The Best Apps That Keep You Motivated to Clean

The Best Apps That Keep You Motivated to Clean

For the past year, I’ve been on a decluttering and organizing journey, which I’ve been writing about, sharing all the useful techniques and tools that make this sort of thing easier. But I haven’t discussed one of the major factors that has helped me most: accountability. You can follow the advice of every pro organizer, buy storage bins for every little item you own, and schedule your cleaning down to the second, but sometimes you need an outside influence to keep you on track.

Cleaning accountability from other people

Last June, when I started my biggest decluttering effort to date, I knew I had to set up some kind of system of rewards and punishments or I’d lose steam. Here’s what I did:

  • I asked my friends to continue sending me memes and TikToks, but stop if I opened or responded to them before 10 p.m., the time I designated for stopping my cleaning and enjoying a “reward.” This worked because I knew that at 10 p.m. every night, I’d have a curated collection of funny stuff to look at as a treat, but I had to earn it. (This approach was really similar to the “animedoro” method, which allows you to enjoy one episode of a show after a predetermined amount of work.) 
  • Every week, I asked a new friend to come over on Saturday. I’d clean and declutter all week, knowing I had to, since someone would be coming over. Then, when they got there, I’d tell them they could pick five things—clothes, tchotchkes, whatever—to take home with them. Most major decluttering techniques center on making you categorize items as things to donate, things to throw away, and things to keep, so this was a way to fulfill more “donate” and less “toss.” 
  • If I was doing a big throwing-away day, I’d let a friend know early in the day and they’d text me periodically to ask for photos. Even knowing I’d have to prove my progress to people whose opinions I respect pushed me to fill my garbage bags. 

These are just the things I did and some were a little silly, but they were helpful to me. Accountability doesn’t have to be harsh, the punishments don’t have to be awful, and you don’t have to do much more than snap a few pics or send a few progress updates if you don’t want to, so use these examples to come up with similar approaches. Of course, mine depend largely on the involvement of my friends, who (luckily) were happy to help, but if you don’t want to drag other people into your decluttering, you still have options. 

Best apps for staying accountable while cleaning

There are some apps out there that can help you schedule your cleaning, but they still don’t do much for accountability. You can just… not use them! The benefit of getting your accountability checks from real people instead of apps is you can’t just turn real people off. Get the best of both worlds with apps that match you to a person.


FocusMate pairs you with an accountability partner in real time, allowing you to get matched with someone who’s also working on something. You can video chat, share what you’re working on, and use virtual “body doubling” to tap into the theory that people work harder when someone else is around them. You can work three times a week for free, but unlimited sessions run you US$9.99 per month.

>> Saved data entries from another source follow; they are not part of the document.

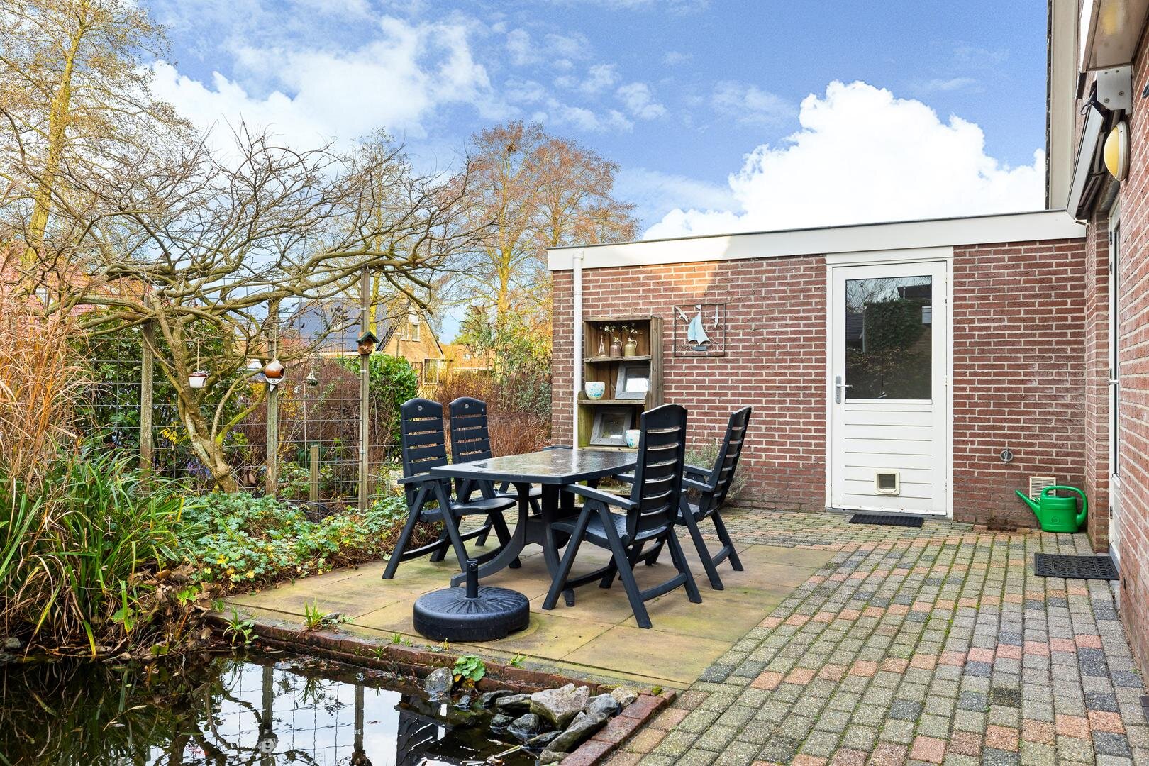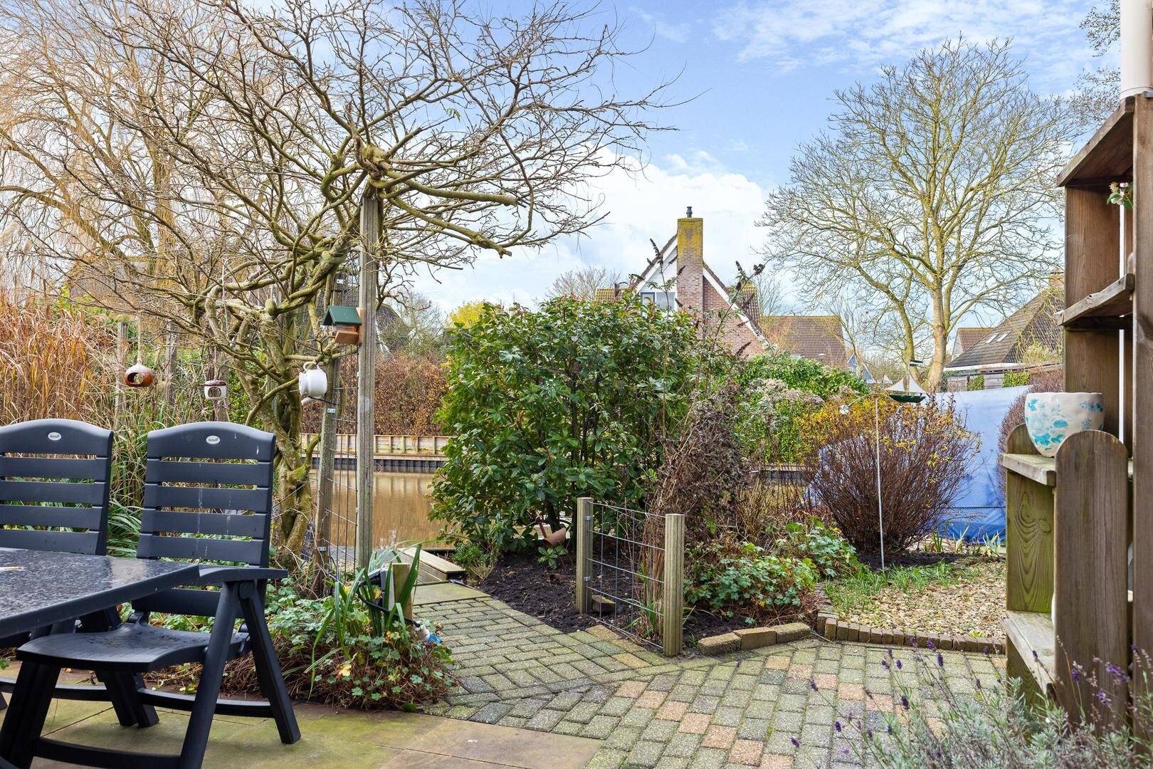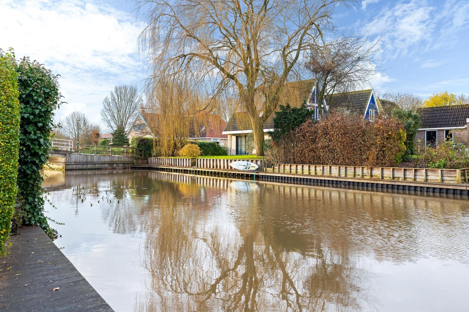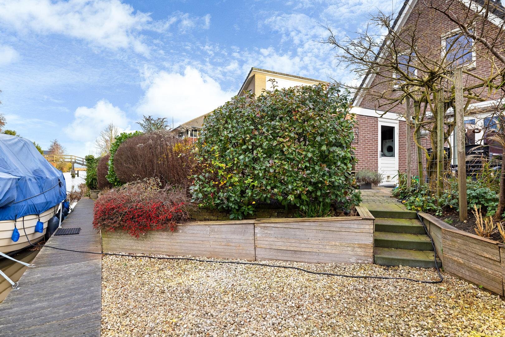 De zonnige achtertuin op het westen biedt veel privacy en grenst direct aan open vaarwater. Hier beschikt u over een eigen aanlegsteiger van circa 15 à 20 meter, met vernieuwde walbeschoeiing (2018). Ideaal voor varen, suppen of gewoon genieten aan het water. De brughoogte van ca. 2,50 meter maakt het vaargebied uitstekend toegankelijk.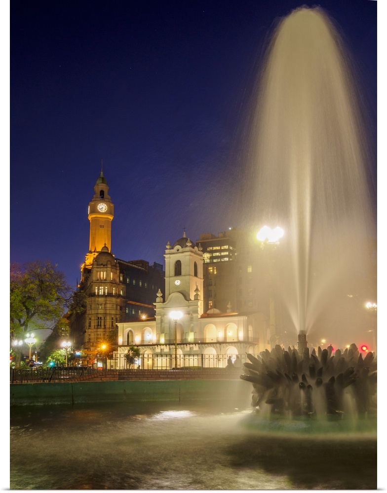 <p>Twilight view of the Plaza de Mayo, Monserrat, City of Buenos Aires, Buenos Aires Province, Argentina, South America</p>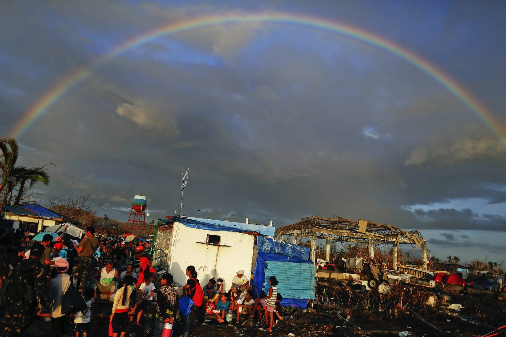Палестинцы смотрят на боевиков Хамас, пока они спускаются на веревке вниз по зданию во время военного парада, отмечающего первую годовщину восьмидневного конфликта с Израилем в Секторе Газа 14 ноября 2013.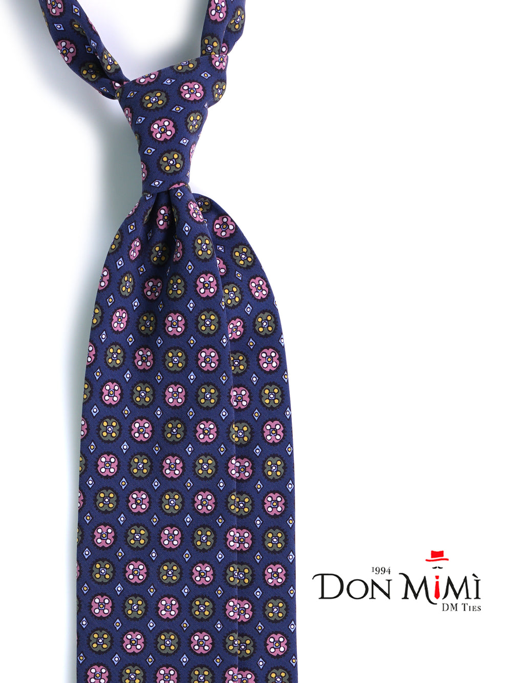 Un pezzo di grande personalità per l'uomo che non teme il colore e lo usa come strumento di espressione. Questa cravatta Don Mimì è realizzata in Seta Madder, un tessuto per intenditori la cui finitura gessosa e opaca smorza la vivacità dei colori, conferendo loro una profondità e un'eleganza uniche. La base in un ricercato blu polvere è la tela per un dialogo cromatico insolito e affascinante tra il rosa antico, il verde salvia e piccoli accenti di giallo. È un accessorio che cattura lo sguardo con cultura e raffinatezza, mai con sfrontatezza.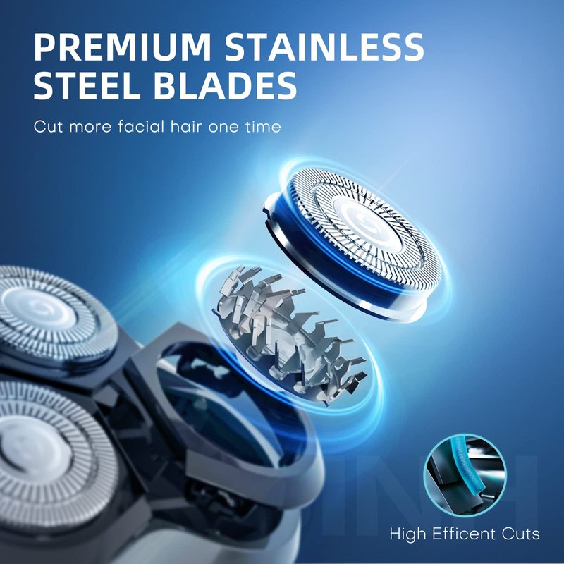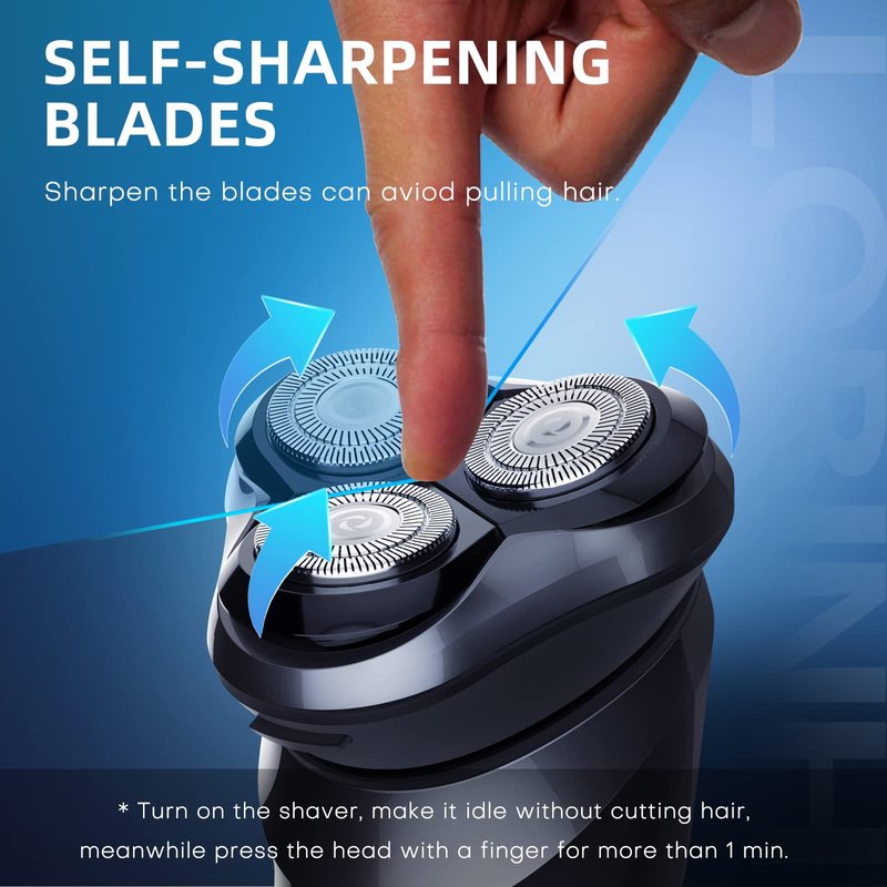 - 【EXTRA REPLACEMENT SHAVER HEAD】Extra replacement shaver head Included. No need to spend additional budget and effort to find a matching electric razor replacement head. Make it idle without cutting hair while pressing the head to sharpen the blades can aviod pulling hair for a smoother shave.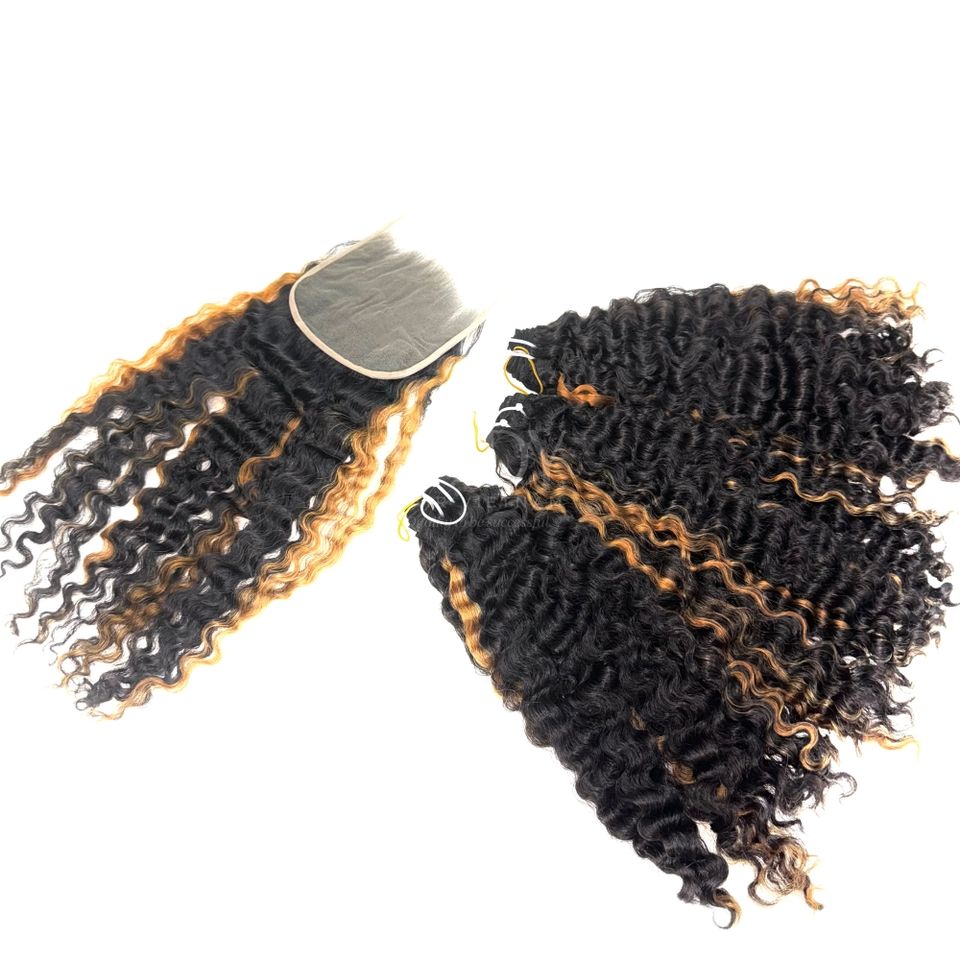 Más vendidos de buena calidad Super doble dibujado birmano Color rizado 3 paquetes con 1 Cierre 6x6 Set para hacer pelucas
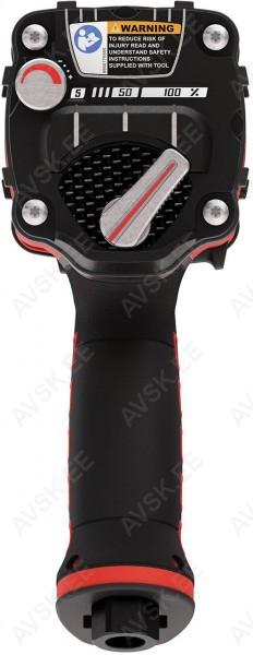 Reguleeritav võimsus 5. 10. 15. 20. 25. 30. 35. 40. 45. 50 ja 100%. Komposiitmaterjalist mootori korpus. Hõõrdrõngaga 1/2" nelikant. 1/4" kiirliitmiku keere. Kahe vasaraga löögimehhanism. 1200 lööki/min. Tühikäigupöörded 7700 p/min. Õhukulu tühikäigupööretel 156 l/min. Max võimsus kinnikeeramisel 1080 Nm. lahtikeeramisel 1300 Nm. Min vooliku läbimõõt 10 mm. Kaal 1.85 kg. Tööriistale sobib kiirliitmik 6158105880.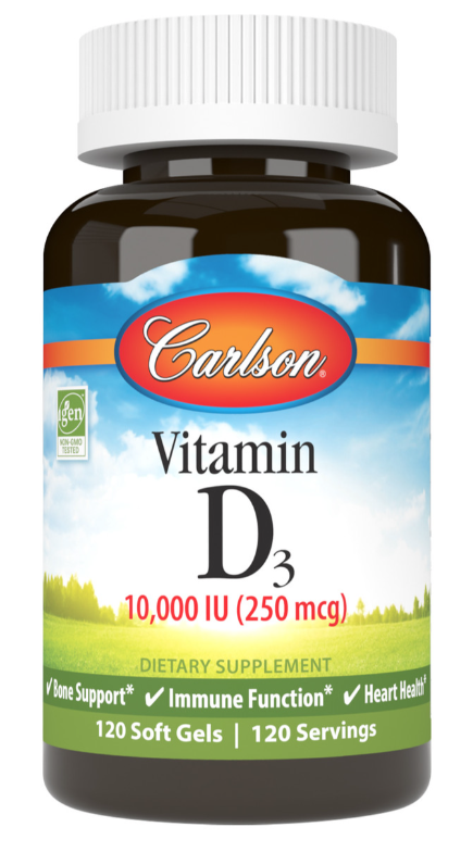 Carlson Vitamin D3 10,000 IU (250 mcg) is the preferred form of vitamin D that's important for promoting strong bones and supporting immune system and heart health. Higher levels of vitamin D3 in the blood are associated with strong bones and good health, as well as a strong immune system. Each soft gel provides 10,000 IU (250 mcg) of vitamin D3.
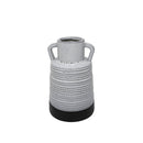 Bring charm to any room in your home with this lovely Table Vase. Constructed from high-quality ceramics in a speckled gloss gray finish with black base, this vase features a horizontal ribbed design on its body and two curved handles on top for visual interest. The vase will surely fill any vacant space and will give a complete balance to the design impact of any room in your home. Besides being perfect for display on your console table, book shelf or entryway.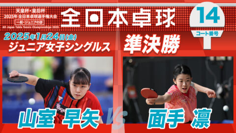 【見逃し配信】2025年全日本卓球選手権大会【4日目:1/24】:ジュニア女子準決勝 山室早矢 vs 面手凛(コートNo.14)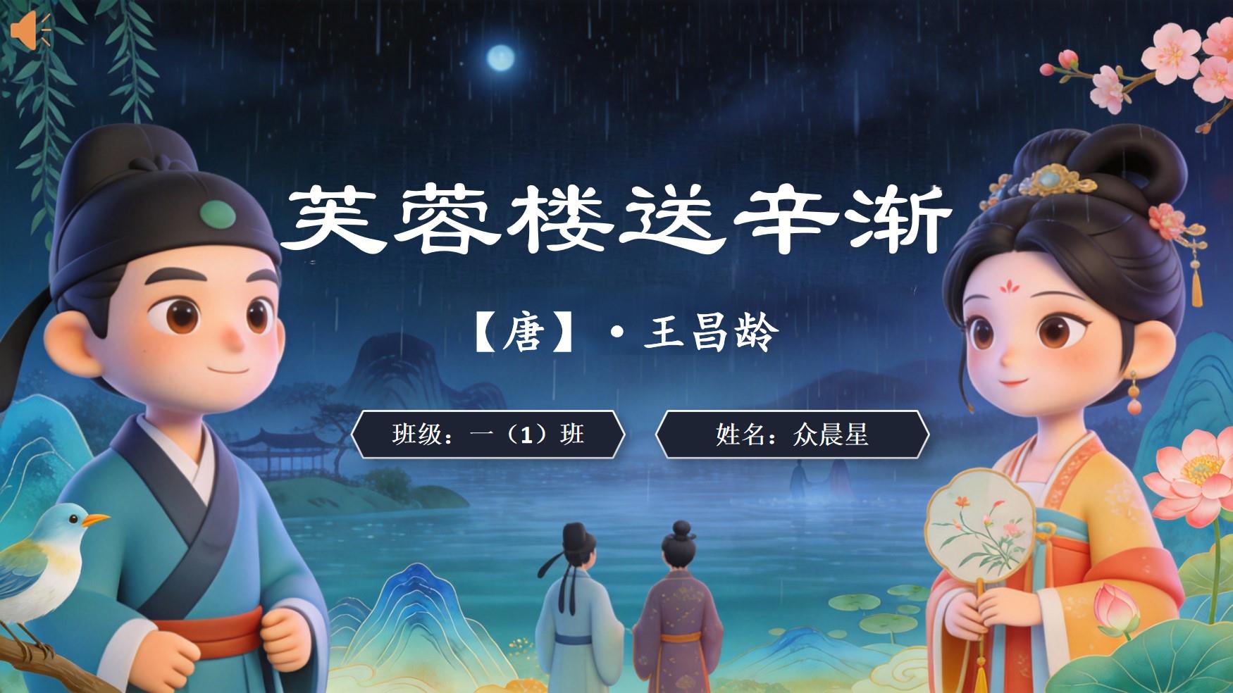 大家好,我是众晨星,今天我和大家分享的是《芙蓉楼送辛渐》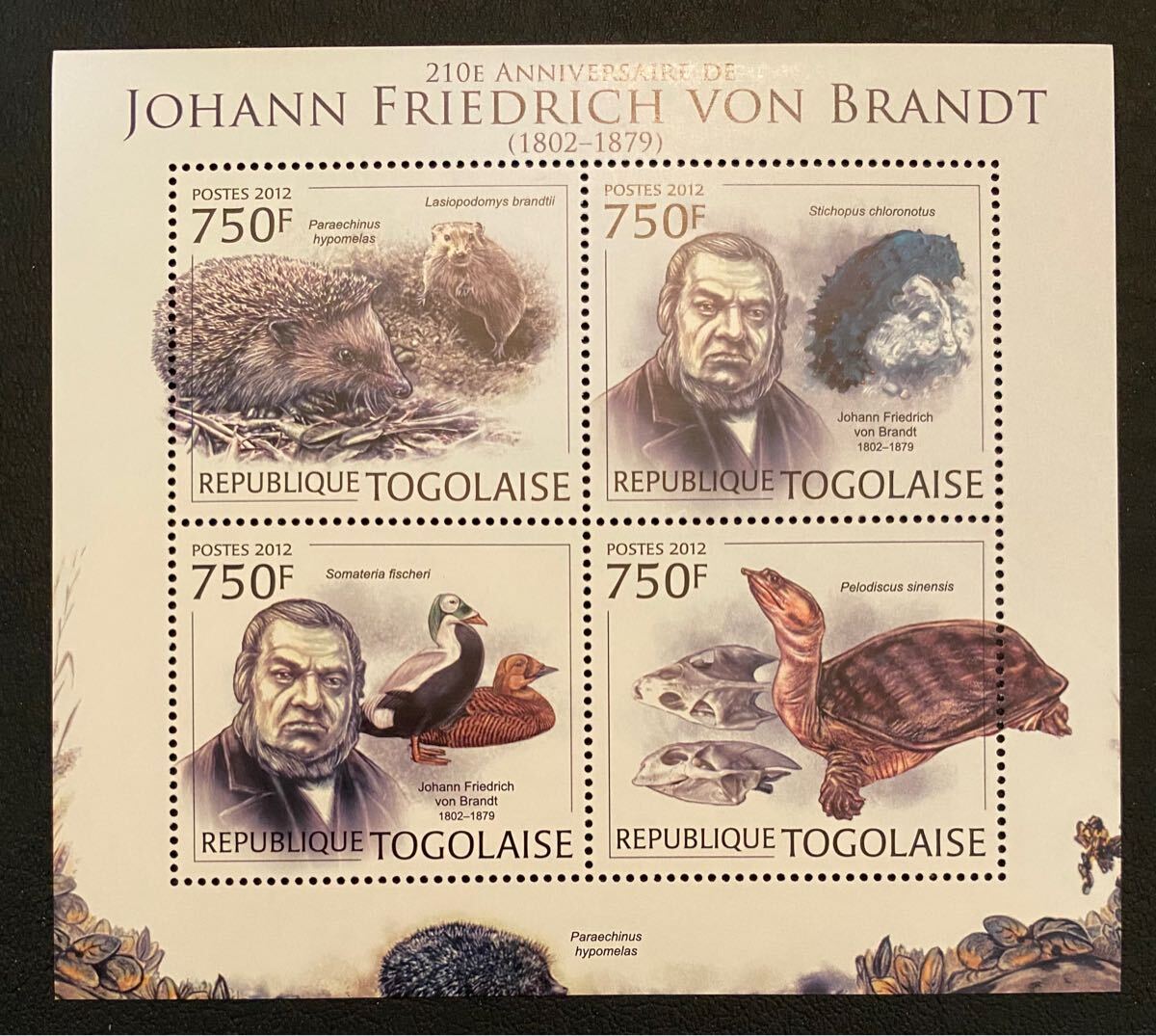 - トーゴ ヨハン・フリードリヒ・フォン・ブラント 博物学者 シカクナマコ ハリネズミ メガネケワタガモ 亀 小型シート1種 未使用 NH

Using Supporti is similar, but you get matched with a long-term partner who has similar goals. Every day, you chat through the app, sharing your progress and checking on theirs while mutually swapping feedback. You work together for a week, then get the chance to pick a new partner if yours isn’t working out—but if you both opt in, you stay together. It costs US$15.99 per month or US$129.99 per year. 

Other accountability apps

There are also apps you can use to monitor your own progress without involving anyone at all. Try Loop Habit Tracker, which offers the opportunity to track progress and maintain a schedule. You’ll get notifications when it’s time to work or check in and the more you enter into the app, the higher your Habit Score goes, gamifying the experience. It’s free for up to seven habits, but for more, you’ll pay US$9.99 per month. 

Finally, there’s Boss as a Service, which uses a novel approach that might not be best for everyone: It acts like a demanding boss, requiring proof that you’re making progress. You have to send in screenshots, photos, or any other kind of proof that you’re actually doing what you’re setting out to do, otherwise it sends you notifications relentlessly, harassing you just like an overbearing boss might. If you work best under pressure, give this app US$25 per month (or US$60 per quarter or US$200 per year) to provide you with a sense of urgency.